Sure but the practice of whatever-you'd-call-Japanese-pollarding is obviously older than daisugi since that's just pollarding with the discovery of a particular tree that's really really good at it. That discovery wouldn't have been made if people weren't already pollarding. Other extremely meticulous plant manipulation traditions like bonsai are confirmed to be over 3k years old
I'm quite confused. Japanese people practiced pollarding, and then later developed a more complex and refined variant of it known as daisugi.
That's the original comment's claim, and you seem to making that exact same claim here, but phrasing it as if you are right and the original commenter is wrong.
I believe the person I'm responding to is using "pollarding" and "coppicing" to specifically refer to the European tradition. I'm not sure what the Japanese equivalent would be called
No, I am referring to the techniques. Daisugi is a loan word used to describe a technique the same way Bonsai is. They are the English terms.

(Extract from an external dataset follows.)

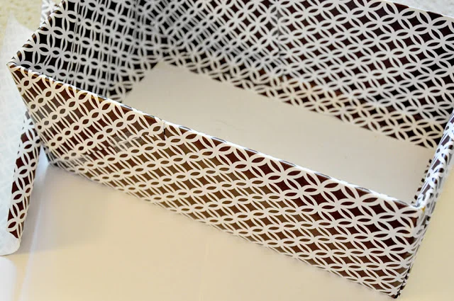 I also recommend pulling the paper as tightly as you can, or perhaps gluing it down as you go, otherwise it will catch air when you try to put the lid on and be a little billowy.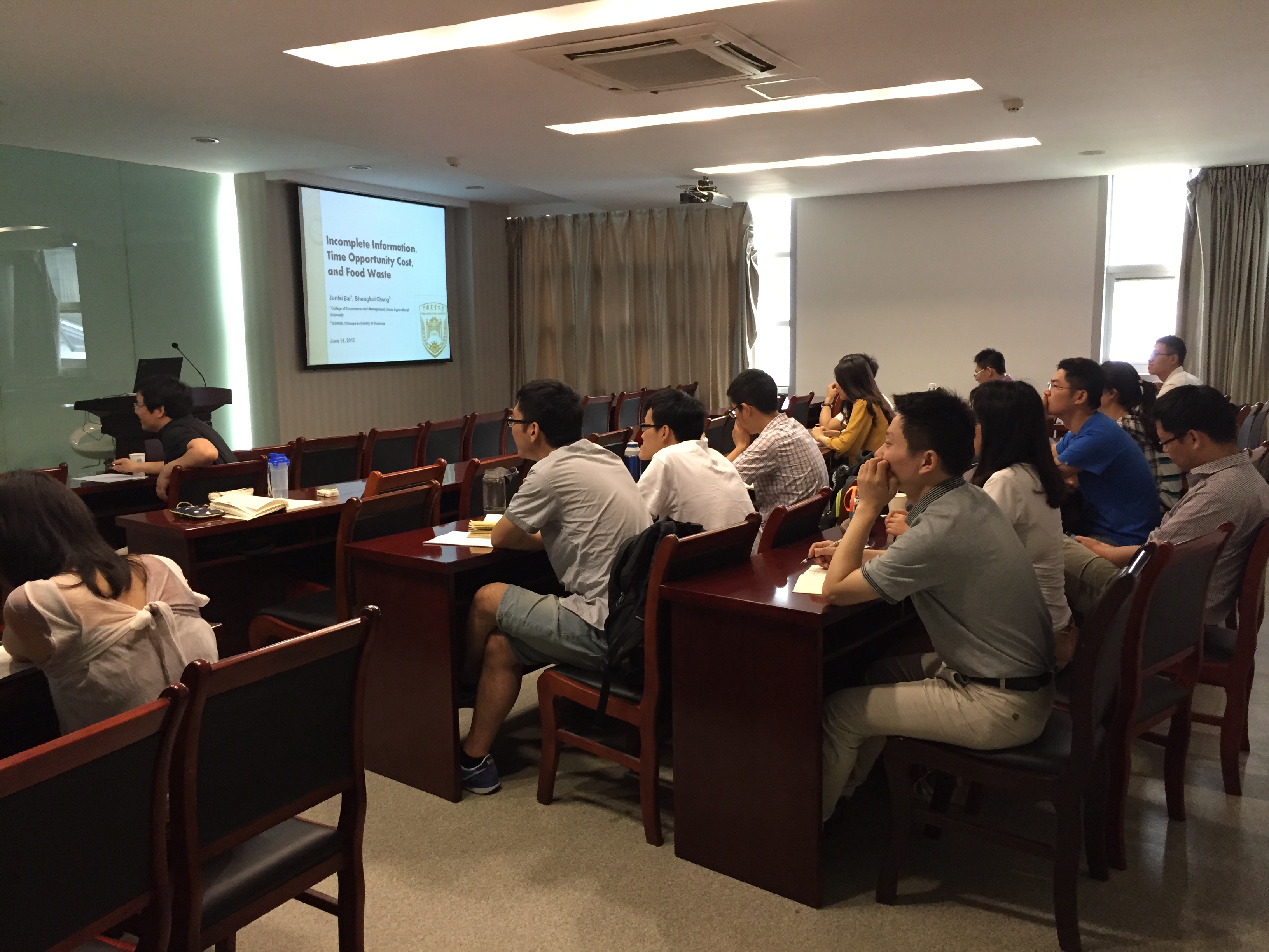 6月19日上午九点半,中国农业大学白军飞教授在逸夫楼5086为英国365官网师生作名为“不完全信息、时间机会成本与食物浪费”的学术报告,报告由徐志刚教授主持,田旭副教授、周德副教授、纪月清副教授等参加报告。

The Japanese equivalent of coppicing is coppicing because we are speaking English and we already have a word to describe the technique.
Also to correct your older post no it’s not “pollarding with the discovery of a particular tree that's really really good at it.” Daisugi uses Bonsai techniques making it labor intensive across a long period. Pollarding only takes labor when you’re actually harvesting the tree.